La tortura, sistematica, dei migranti detenuti a Zawya. Botte e percosse con bastoni, tubi di gomma, cavi elettrici. Ma anche privazione di cibo e acqua e esseri umani schiavizzati e costretti a dissetarsi con acqua salmastra.
Con l’accusa di tortura – è la prima volta che questo reato viene applicato in Italia – la Dda di Palermo e la Procura di Agrigento hanno disposto il fermo di tre migranti ospiti dell’hotspot di Messina. In carcere sono finiti Mohamed Condè, detto Suarez, originario della Guinea, 27 anni, Hameda Ahmed, egiziano, 26 anni e Mahmoud Ashuia, egiziano, 24 anni.I fermi sono stati eseguiti dalla Squadra mobile di Agrigento, guidata dal vicequestore aggiunto Giovanni Minardi.

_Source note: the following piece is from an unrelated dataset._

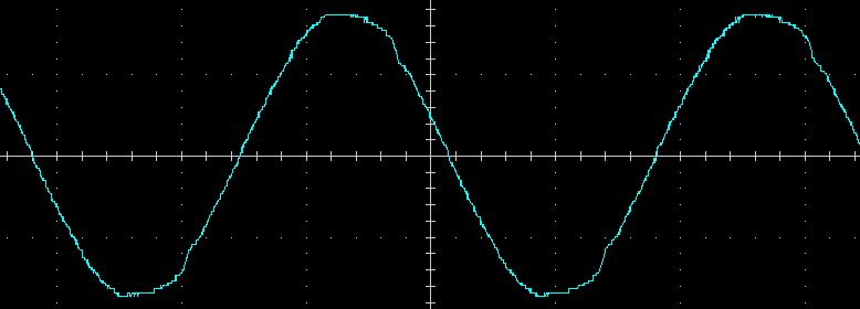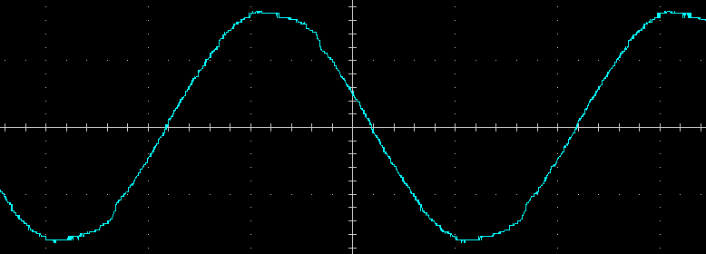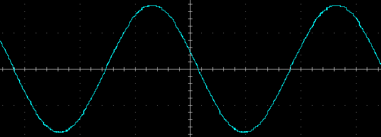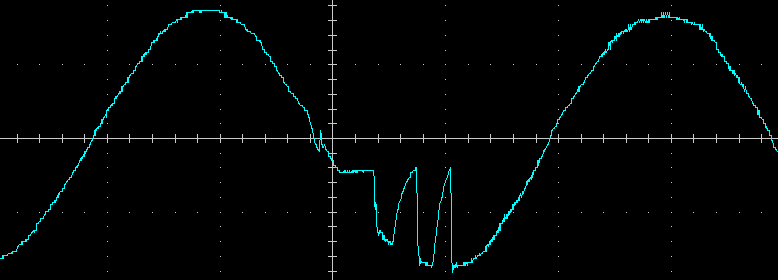 Вот ее внешний вид на нагрузках 100 Вт и 400 В·А (PF = 0,7) с установкой частоты на выходе 50 Гц, цена деления по горизонтали здесь и далее 5 мс:

Carcerieri e picchiatori. I 3 fermati sono stati riconosciuti da alcuni dei migranti salvati dalla nave “Alex & Co” – della Ong Mediterranea Saving Humans, e sbarcati a Lampedusa tra il 5 e il 7 luglio scorsi. In cinque hanno riconosciuto Conde’ – detto Suarez, 3 hanno riconosciuto Ahmed e altrettanti Ashuia. Mohamed Conde’ si occupava di imprigionare i migranti, di torturarli e di occuparsi dei riscatti che venivano richiesti ai familiari dei detenuti ai fini della loro liberazione, fornendo agli stessi il cellulare con cui potevano contattare i propri familiari; Hameda svolgeva il ruolo di carceriere, torturatore e di colui che si occupava di cucinare i pasti per i migranti detenuti; Ashuia era il carceriere e guardiano della prigione di Zawyia, nonche’ nelle vesti di torturatore con cui picchiava brutalmente i migranti anche servendosi di un fucile e nell’ulteriore veste di colui che distribuiva i pasti ai migranti detenuti.

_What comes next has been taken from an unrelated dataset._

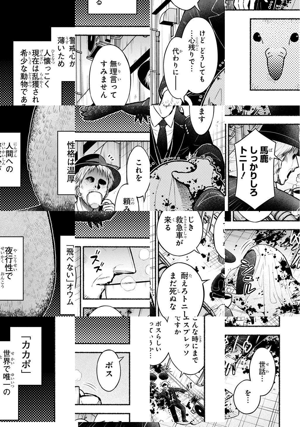 ひと仕事終えたマフィアのボスが拾ったのは、世界で唯一の飛べないオウム「カカポ」!? ファニーで奇妙な生き物と、それに魅了されたボス&お世話係の女部下でおくるカカポラブ・コメディ読切!

Erano centinaia i migranti che, “nel tentativo di imbarcarsi per raggiungere le coste italiane, venivano privati della libertà personale e sottoposti a sistematiche vessazioni e atrocità al fine di ottenere dai loro congiunti il versamento, in favore degli stessi associati, di somme denaro quale prezzo della liberazione e/o della loro partenza verso lo Stato italiano”. E’ quanto scrivono i magistrati nel provvedimento di fermo emesso dal Procuratore aggiunto della Dda di Palermo Marzia Sabella, dai sostituti Geri Ferrara (Dda Palermo) e Gianluca Caputo (Procura di Agrigento), ed eseguito dalla Squadra mobile di Agrigento, guidata dal vicequestore aggiunto Giovanni Minardi, che ha portato in carcere tre migranti accusati di torture e sequestro di persona. “In assenza del pagamento, venivano alienati ad altri trafficanti di uomini per il loro sfruttamento sessuale e/o lavorativo o talora uccisi”, dicono i pm.

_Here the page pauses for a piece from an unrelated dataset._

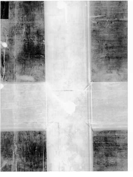 Curator: Here we see an x-radiograph of "Le Pont", originally by Gustave Courbet, residing in the Harvard Art Museums. Editor: It looks like we're peering beneath the surface, a ghostly view revealing the canvas's very bones and structure. Curator: Indeed. This glimpse into the underlayers allows us to consider Courbet's process, how he might have built up the painting, and what alterations he may have made. Editor: It's fascinating to consider the materiality, the weave of the canvas itself, and how that dictated the application of paint. What about the social context of painting at the time? Curator: Absolutely. Courbet positioned himself in opposition to academic painting, emphasizing direct observation and the physical act of applying paint, making this radiographic view incredibly relevant to how we understand his radical approach. Editor: Seeing the infrastructure reminds me of the hidden labour that supports the facade of art. Curator: A fitting perspective. It underscores how much labour and technique went into even what appeared to be spontaneous works. Editor: This peek behind the curtain really makes me consider the raw physicality present even in fine art. Curator: And for me, it speaks to the institution's commitment to unveiling the complexities of art history.

“In relazione al fermo di tre cittadini extracomunitari indiziati di avere preso parte ad atti di tortura all’interno di un illegale centro di detenzione libico in danno di migranti, esprimo soddisfazione per il lavoro investigativo svolto dalla Squadra mobile di Agrigentosotto il coordinamento dell Procure di Agrigento e Palermo”. Lo ha detto all’Adnkronos il Procuratore capo di Agrigento Luigi Patronaggio parlando dei tre fermi emessi a carico di tre migranti ospiti dell’hotspot di Messina, accusati di avere torturato e violentato decine di profughi in Libia. “Questo lavoro investigativo – prosegue Patronaggio – suscettibile di ulteriori importanti sviluppi, ha dato conferma delle inumani condizioni di vita all’interno dei cosiddetti capannoni di detenzione libici e la necessità di agire, anche a livello internazionale, per la tutela dei più elementari diritti umani e per la repressione di quei reati che, ogni giorno di più, si configurano come crimini contro l’umanità”.